A definitive cold front will sweep through the Finger Lakes today, bringing an end to the excessive humidity over the Finger Lakes, possibly for a very long time.
This front is poised off to the west this morning, with a few stray showers out ahead of it dotting the region. The shower activity will pick up slightly during the later morning and midday hours. However, this front will move through with little fanfare. Many areas will see only light rain, or no rain at all.
By the mid-afternoon, the showers will have shifted off to the southeast and the front will start to press through the region. Behind the front, clouds will start to break up for some late day sunshine.
Dewpoints will remain near 70 until the front makes it through. After that, they will retreat into the 60s from northwest to southeast. Temperatures today will not be impacted by the front, with highs around 80 degrees and no noticeable drop behind the front until the daytime heating wanes late in the day.
The front will not have much wind, either. Ahead of the front, southwest and west winds will blow at 5-10 mph. These will turn to the northwest behind the front with similar speeds.
By this evening, winds will drop, skies will become mostly clear, and temperatures will fall back into the 60s.
The clearing will be brief, though, as some thin clouds high in the atmosphere stream into our area far out ahead of what was Hurricane Ida.
Watching Ida & Looking into September
Thin clouds will continue to be present off and on throughout Tuesday and Tuesday night as the remains of Ida tracks into the Tennessee and Ohio Valleys. No rain is expected in our area on Tuesday.
Temperatures will be mild with highs in the mid and upper 70s. A few places, such as Rochester and Geneva, may hit 80 degrees. Winds will be light and dewpoints will be comfortable in the upper 50s.
By Wednesday morning, rain from Ida will spread into Pennsylvania. While a heavy rain event throughout the Finger Lakes is still on the fringe edge of possibility, it is highly unlikely.
That being said, what is more possible would be for heavy rain to clip the southeastern Finger Lakes. While the models are currently trending northward, it is still a less likely scenario. Most, if not all of the rain should stay south of the region.
There will be little difference between little to no rain, and heavy rain in excess of an inch or two. So, any northward progression could bring a flood risk into the southeastern Finger Lakes.
The bottom line is that heavy rainfall should stay south of all of the region. However, there is enough uncertainty that areas from Bath to Ithaca to Cortland, and southward, need to continue to monitor the weather for Wednesday closely.
Any lingering rain will quickly depart early Thursday and sunshine will spread across the region. High temperatures both Wednesday and Thursday will be in the low 70s.
The weather looks quiet and dry through the end of the week and the weekend before rain chances increase early next week.

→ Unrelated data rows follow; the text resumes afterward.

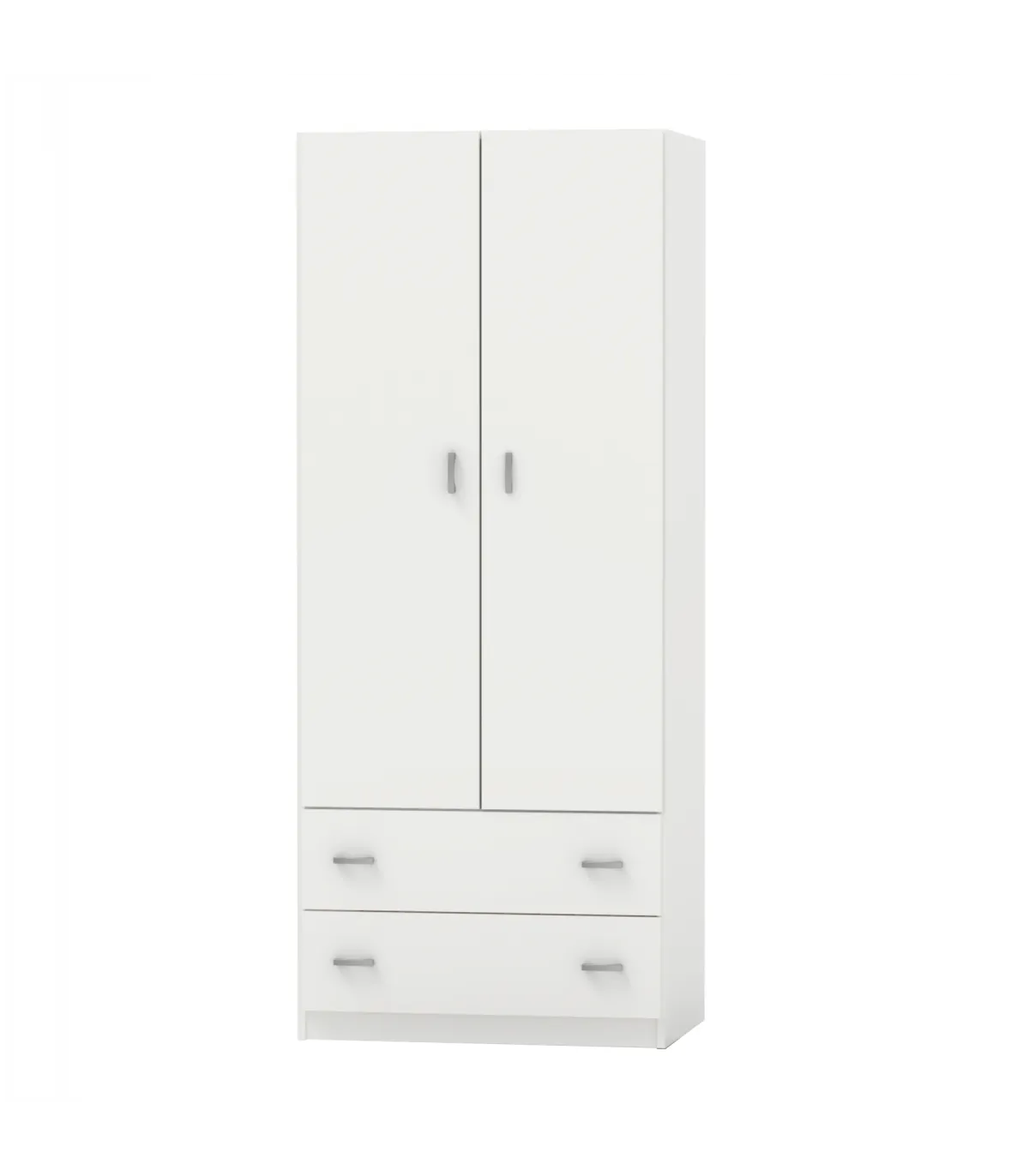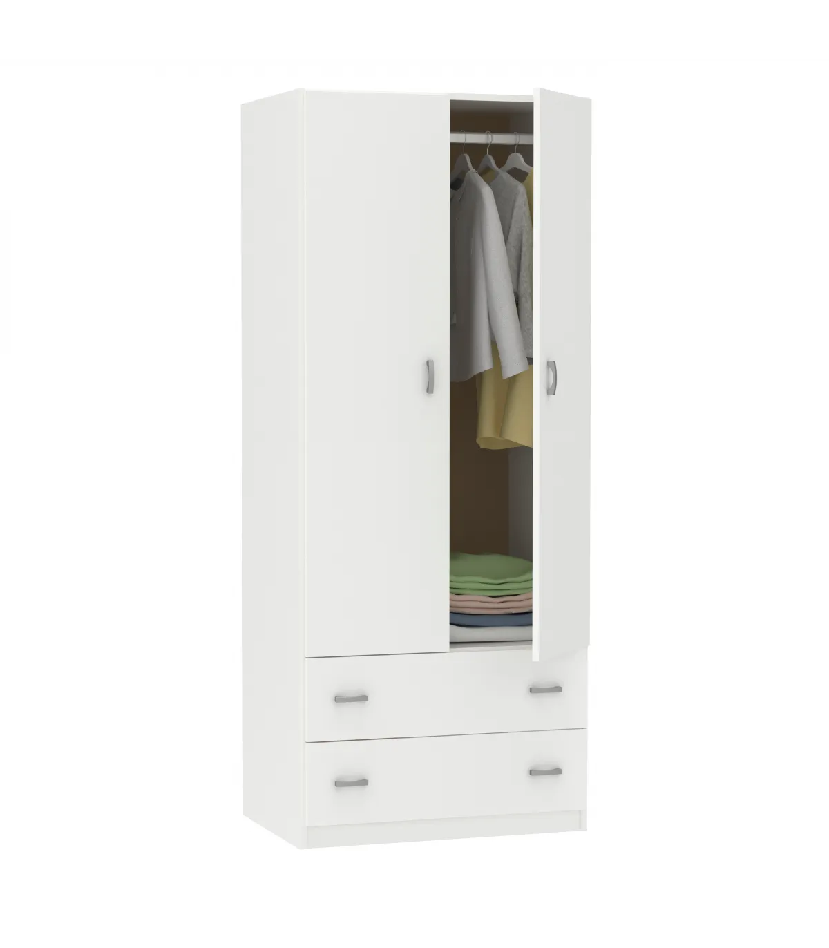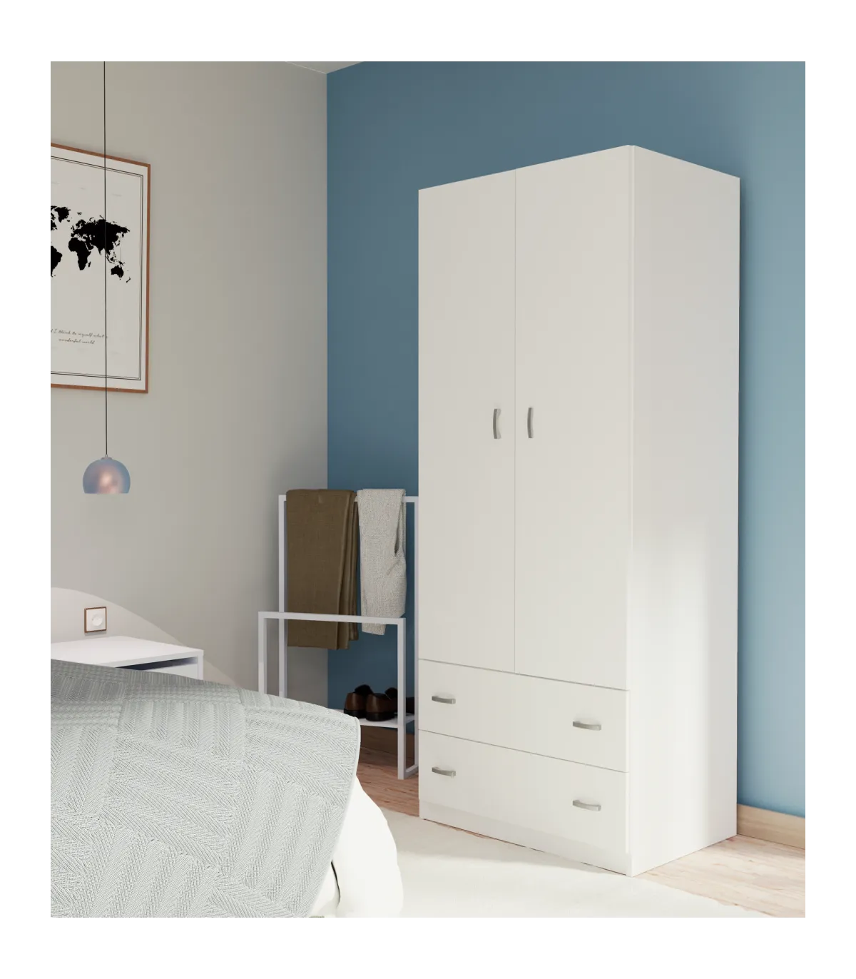Armario ropero 2 puertas abatibles y 2 cajones Turin acabado blanco, 180 cm(alto)74 cm(ancho)50 cm(fondo)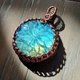 这是在我手边待了满久的一颗拉长,也是我非常非常少数收过的雕花拉长石,当初是一整批跟朋友们一起挑的,朋友们看上的是大小适中的椭圆或水滴比较多,他们大多雕了花瓣比较修长很直觉一眼就能看出是花的图样,带点异国风情很有特色。但我第一眼看中的是这颗显眼的大圆形,除了他的光感与颜色之外,正圆的形状与比起花朵更像是几何图样的刻纹莫名地吸引我。不过带他回家之后一直没有想到完全满意的设计方案,从当年(真的是以年为单位😆)学了金属线编织开始,一般的框线固定或是编织侧框多少会压到裸石面的边角,而爪镶觉得会减损了圆形的完满意象,之后也考虑过金工包框可以解决压住表面的问题,但又觉得拿片银板把他夹紧有点太局促了,于是终于放到了最近开始做新编织框时又想起了他。保有空间感的曲线边框不会有盖住图样花瓣尖端的压迫感,弧形线条正好也跟主石的图样彼此呼应,坠头的部分也做了同样能联想到主石图样的花瓣形状,在阳光下随手一按的照片就拍出了前所未见的鲜明跃动色彩,我想这就是我终于找到理想设计的证明吧。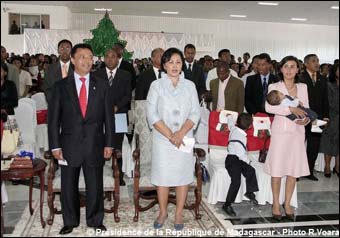 Emotion parmi le personnel de la présidence de la République, à la Ceremony Builing, en voyant le chef de l’Etat accompagné de sa belle fille, Georgena Georgeiva et de ses deux petits fils, mercredi dernier lors de la célébration de Noël,. La journée a commencé par un culte dirigé par l’Aumônier militaire, le pasteur Rakotozafy Mickaël et l’Aumônier, P. Randriamampianina Nicolas. 150 enfants ont animé la scène. « Ils sont dignes d’être les premiers du fait des talents dont ils ont fait preuve aujourd’hui », s’est réjoui Ravalomanana Marc. Le locataire d’Ambohitsirohitra a été tellement satisfait de la cérémonie qu’il a affirmé devant le personnel de la présidence que « Madagascar peut se comparer avec les autres pays ». Le directeur de cabinet de la présidence de la République, Ratsirarson Joelisoa, a de son côté annoncé que « cette cérémonie montre l’amour du président pour les enfants ». La Présidence a distribué des jouets, des bonbons, des volailles et de l’huile pour ses agents.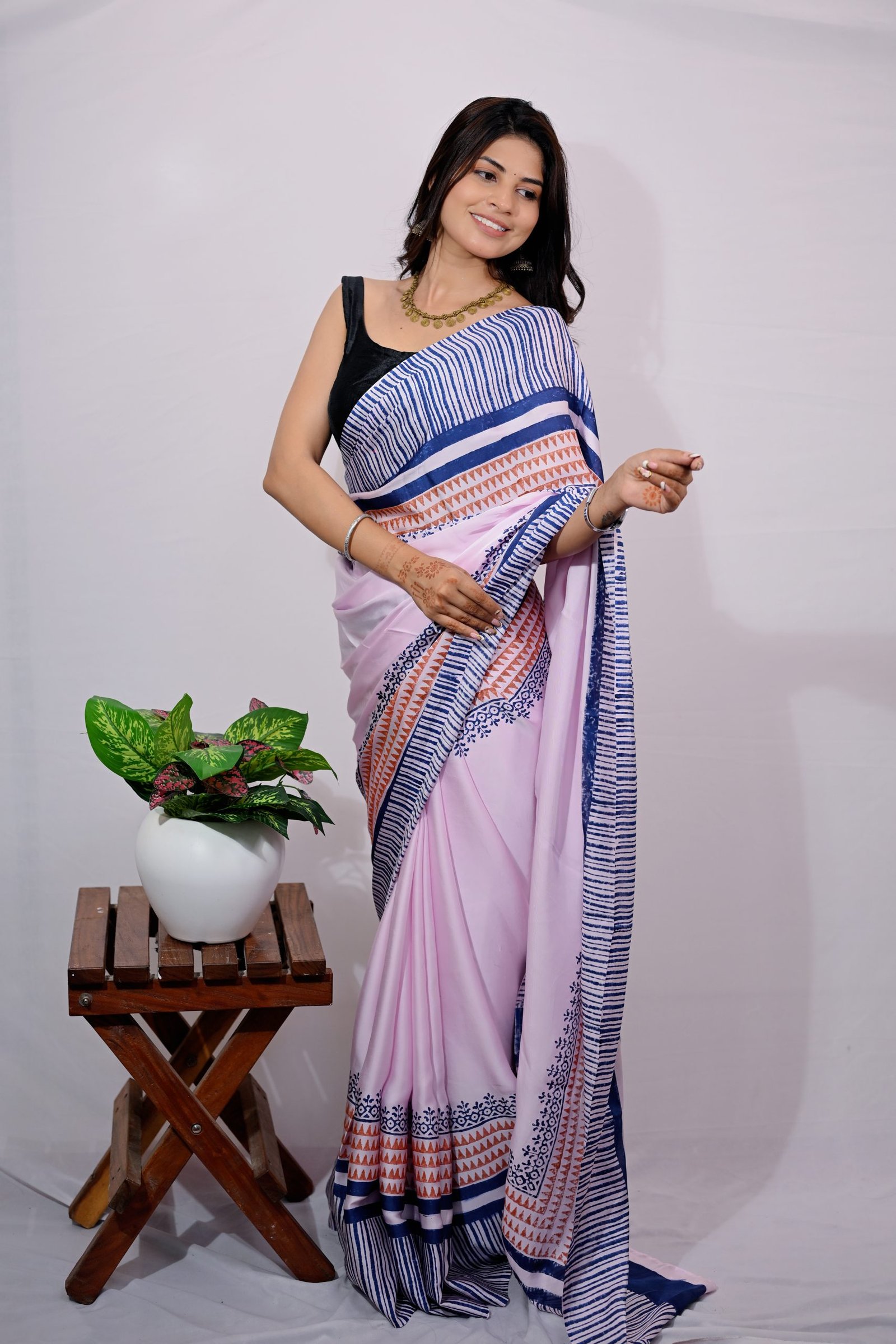 If you’re looking for a hand block printed modal silk saree, this Dhari Modal Silk Saree combines luxury fabric with artisanal craft. This traditional yet contemporary design saree reflects creativity, tradition and modern elegance. The saree is perfect for office wear, gatherings, evening party, cocktail party, get togethers and formal occasions.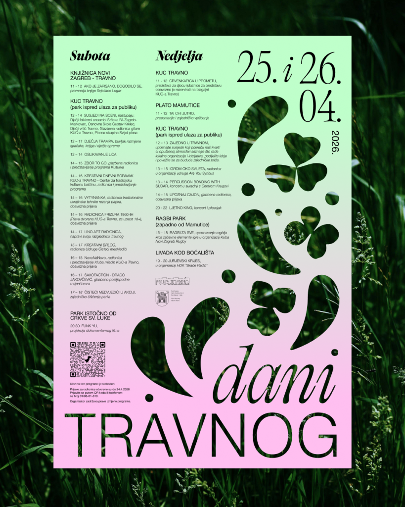 Rezervirajte vikend za Dane Travnog kada naš kvart postaje mjesto susreta, druženja i zajedničkog stvaranja. Očekuju vas nastupi djece iz kvarta, koncerti saxofonista i percussionista, razne kreativne radionice, upoznavanje sa sportom ragbijem, buvljak razmjene igračaka i knjiga, predstave, promociju knjige, projekciju filma te Jurjevski krijes, uz druženje i upoznavanje susjeda, lokalnih inicijativa i razmjenu ideja. Koncert Ljetnog kina, benda koji donosi hitove različitih razdoblja i stilova, savršen je za ples i veselo zatvaranje Dana Travnog.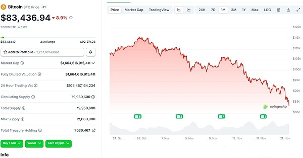 2025年11月21日,比特币跌至8.34万美元,以太坊跌破2800美元,加密总市值下探至3万亿美元以下,现报2.97万亿美元,24小时跌幅8.7%。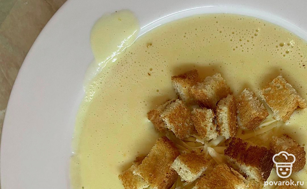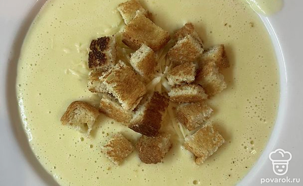 Разлейте по тарелкам. Сверху посыпьте сыром и сухариками.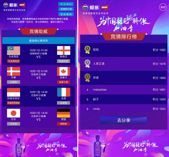 竞猜助威风采加油 全程创新互动为国羽战将加油助威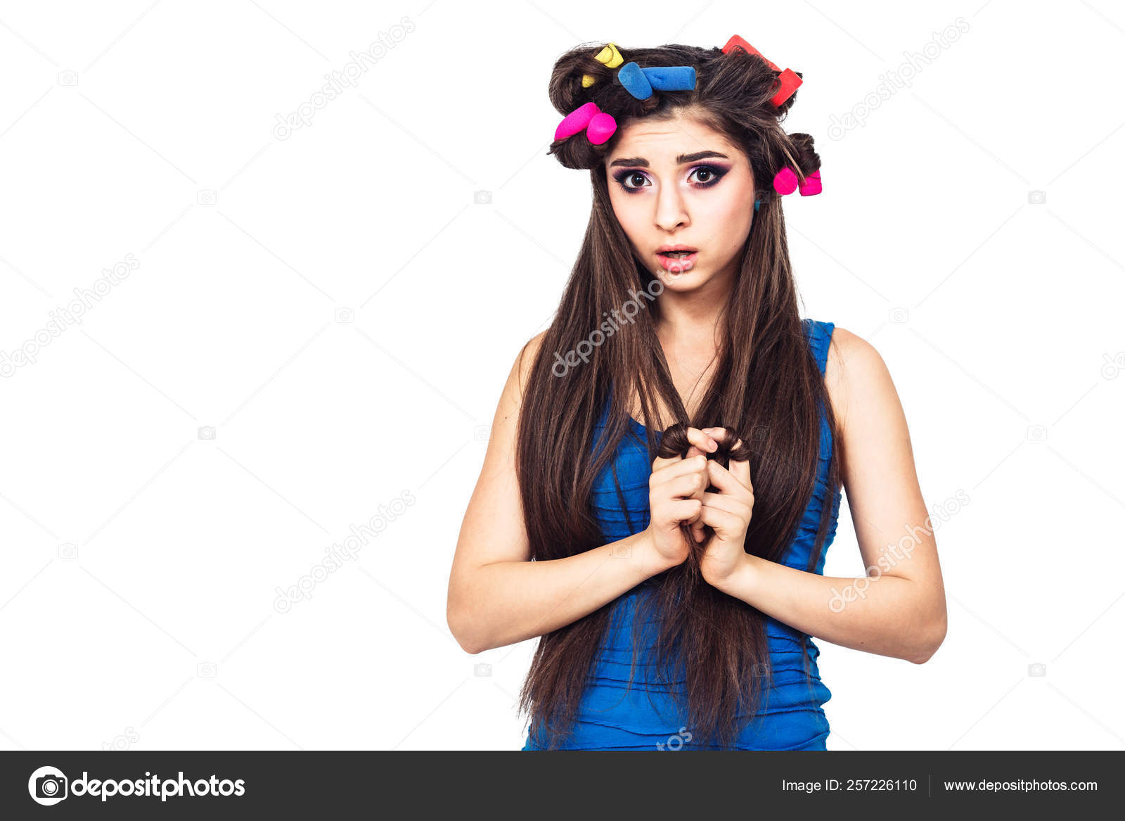 Скачай это Премиум Фото на тему Молодая русская женщина смотрит прямо вперед и открой для . . .

Temperatures will bottom out on Friday with highs mostly sticking to the upper 60s. A small warm up back into the 70s is expected for the weekend. However, with unsettled weather next week, temperatures may continue to struggle to even reach 70 degrees.
Nighttime temperatures in the 50s will become commonplace, and occasions of 40s in the typically cooler areas will start to occur. Muggy air will be hard to come by, with dewpoints commonly sticking to the 40s and 50s.
This pattern is expected to persist at least into the middle of September.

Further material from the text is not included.